Judulnya "Malu". Sekarang saya benar-benar dibuat malu olehnya karena jelek. Saya tidak akan bilang kurang bagus. Dari jumlah katanya saja hanya 280 kata. Barangkali saat itu saya berpikir hendak menulis puisi, tetapi karena kepanjangan, saya ubah jadi cerpen.
Merasa lebih sedikit panjang dari puisi, saya sudah menganggap cerpen. Setelah saya tahu cerpen yang mini saja minimal 750 kata, betapa malu saya dengan cerpen itu.
Masalah kedua adalah saya tidak bisa menulis kalimat langsung di sana. Kemudian ada pula gaya berlebihan dengan membuat miring kalimat percakapan, untuk membedakan siapa yang sedang bercakap.
Materinya lebih kepada hanya curahan hati seorang perempuan sebagai istri. Konflik tidak tajam, bahkan seketika selesai dengan jawaban singkat dari suami.
Jika saya baca cerpen saya sekarang, ingin sekali saya hapus cerpen itu. Tetapi, tidak apalah, sebagai bahan pembelajaran dan bukti bahwa dulu saya tidak mengerti apa-apa soal cerpen.
Pendapat objektif
Suatu kali ada Kompasianer mampir ke salah satu cerpen saya. Beliau mengutarakan pendapatnya secara jujur dan objektif. Saya suka dan menjadikannya pelecut untuk perbaikan.

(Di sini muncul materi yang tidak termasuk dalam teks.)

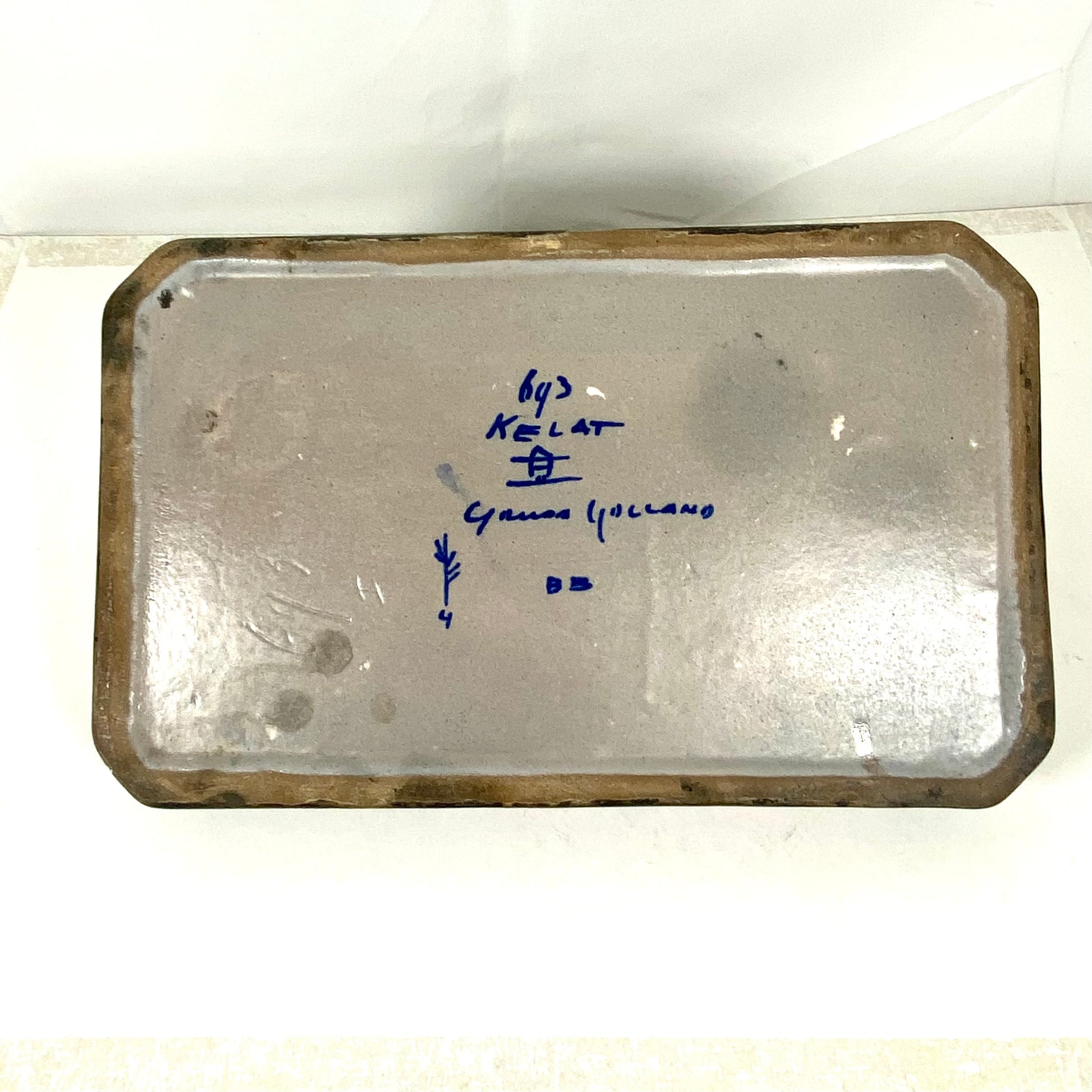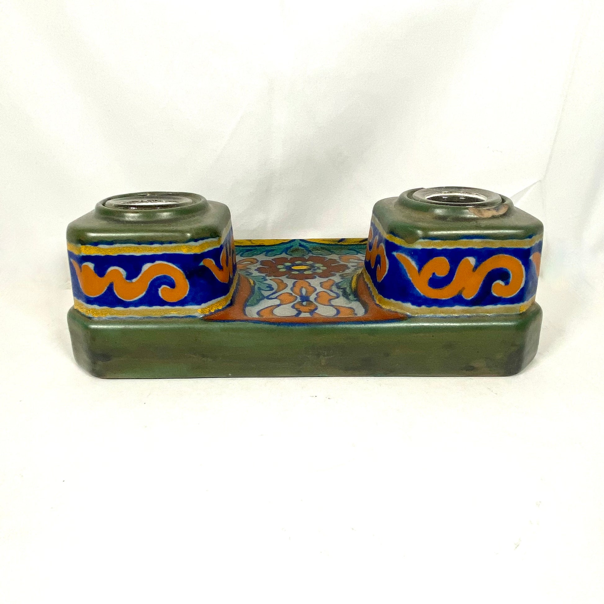 Código de fecha de aproximadamente 1920 pintado a mano en la parte inferior; posible error ortográfico en el código de fecha, pero el estilo y el patrón corresponden a principios de la década de 1920 en cuanto a fabricación. También se incluyen marcas en la base para el número de patrón y diseño (Kelat 643), las iniciales del decorador y la firma de la casa Lazarus de la fábrica PZH. Los juegos de tinta doble Gouda para escritorio simplemente no se comercializan, y es probable que este sea el único disponible actualmente con este patrón.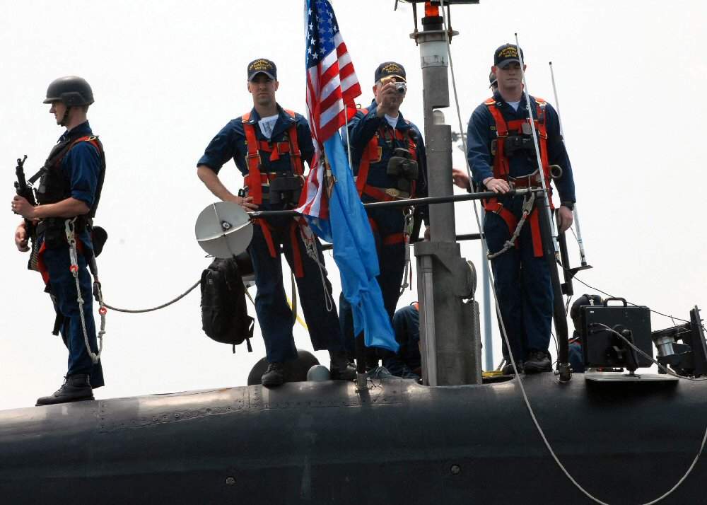 ![]() | 412k | The crew of the fast-attack submarine Oklahoma City (SSN-723) salutes the Ensign as they depart for a deployment on 9 May 2008. Cmdr. Ed Mayer IV, commanding officer of Oklahoma City, will lead the crew in operations supporting national security and contributing directly to the maritime strategy. This deployment will be Oklahoma City's second using the Voyage Management System, a paperless navigation system that uses digital charts, GPS fixes, environmental sensors and electronic command and control. The system helps the submarine locate and identify potential navigational hazards, allowing for a smooth, safe deployment. | USN photo # N-7668G-149, by Electrician's Mate 2nd Class Xander Gamble courtesy of news.navy.mil. | |

Katanya -- secara garis besar -- cerpen saya terlalu kaku. Masih belum luwes dan perlu diperbaiki soal penceritaan. Beliau memberikan pendapat itu agar ke depan, penulisan cerpen saya semakin baik.
Kalau mau dibilang kritik sastra, tentu belum layak. Memberi kritik yang tepat ada ilmunya. Sebaiknya sekolah dulu agar lebih mantap. Tetapi, kritik beliau sangat berguna dan telah mengubah cara saya menulis cerpen.
Jadi, apa pendapat saya tentang kejelekan cerpen itu?
Pertama, terima kenyataan. Sebagaimana saya ulas di atas, dengan segala kebelummengertian kita soal cerpen pada awal menulis, tentu kemungkinan besar jelek.